MPI Spawn Functionality and Error Handling

The group discussed MPI spawn functionality and error handling mechanisms. They explored questions about timeout handling, non-blocking operations, and resource allocation guarantees. Sonja explained that while current MPI implementations don’t provide standardized timeout mechanisms, runtime systems may have internal timeouts, and the “soft” mechanism allows spawning fewer processes than specified. The discussion clarified that MPI spawn operations typically fail completely if any part of the process creation fails, though the exact state of spawned processes after completion is not guaranteed.

MPI Spawn Completion Definition Debate

The team discussed the definition and implications of process spawning completion in MPI. They debated whether the completion of a spawn request guarantees that processes have been successfully spawned, with George and Aurelien arguing that it’s similar to send operations where delivery cannot be guaranteed, while Sonja and others suggested it should at least indicate that the runtime system has performed its necessary operations to launch the processes. The discussion highlighted the challenge of defining what constitutes a successful spawn and how this should be communicated to user code, with Hui questioning the practical implications for user code behavior. The team concluded that the current statement about spawn completion was too strong and may need to be revised to reflect that resources are available for spawning processes, though the exact definition and timing of when spawn operations should return success remains an open question.

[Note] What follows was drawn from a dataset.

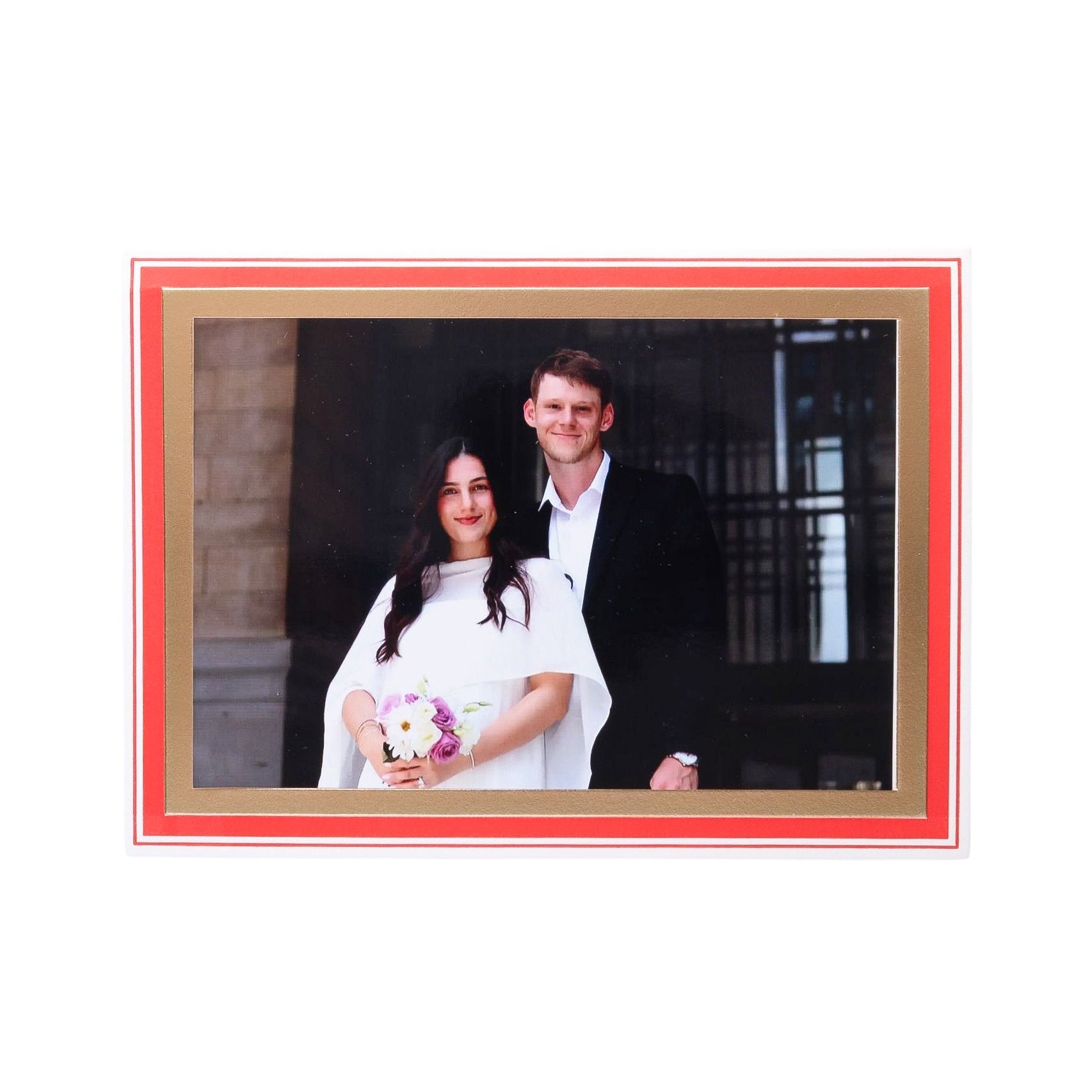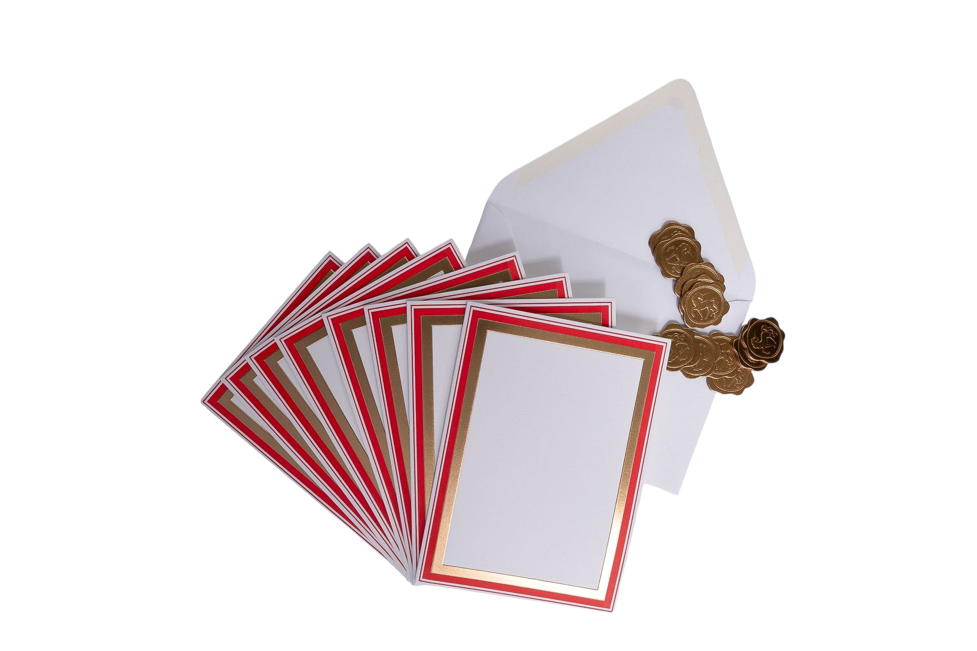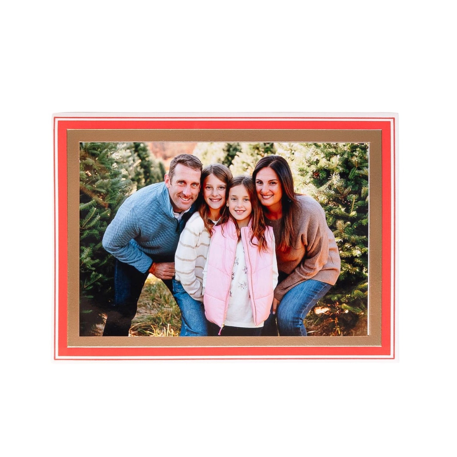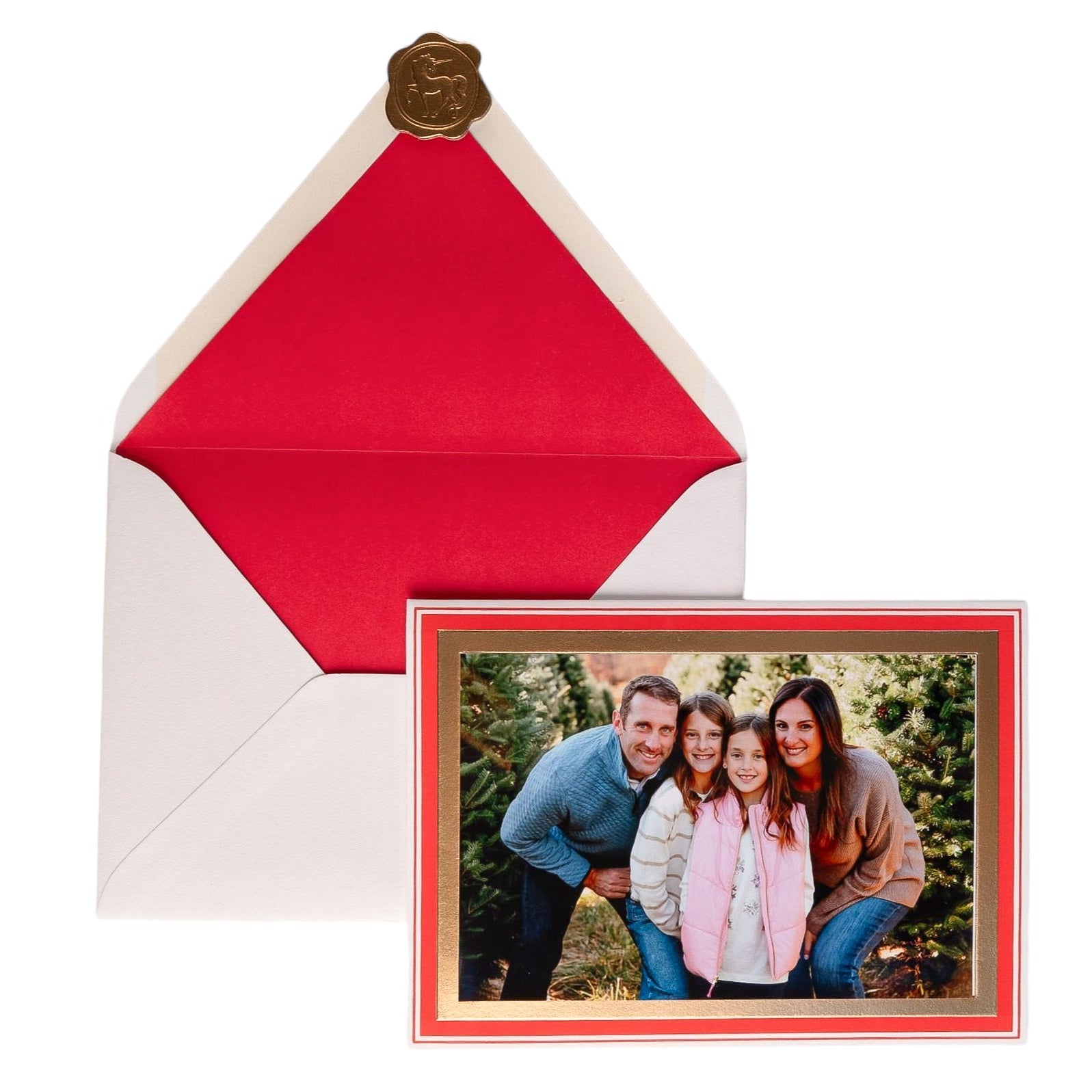 CUSTOM Embossed Red and Gold Foil Boarder Holiday Photo Card Set

Non-blocking MPI Spawn Implementation

The team discussed the implementation of non-blocking MPI spawn and connect operations. Aurelien raised concerns about the non-observable state from MPI when spawning processes, arguing that it could lead to over-specification. The group debated whether to include timeout mechanisms and cancellation options for connect and accept operations. They also discussed the rationale for implementing non-blocking spawn, with Sonja explaining that long spawn times could occur when starting many processes on previously unused resources. The team concluded that the main waiting point should be at the connect-accept level, rather than requiring non-blocking spawn.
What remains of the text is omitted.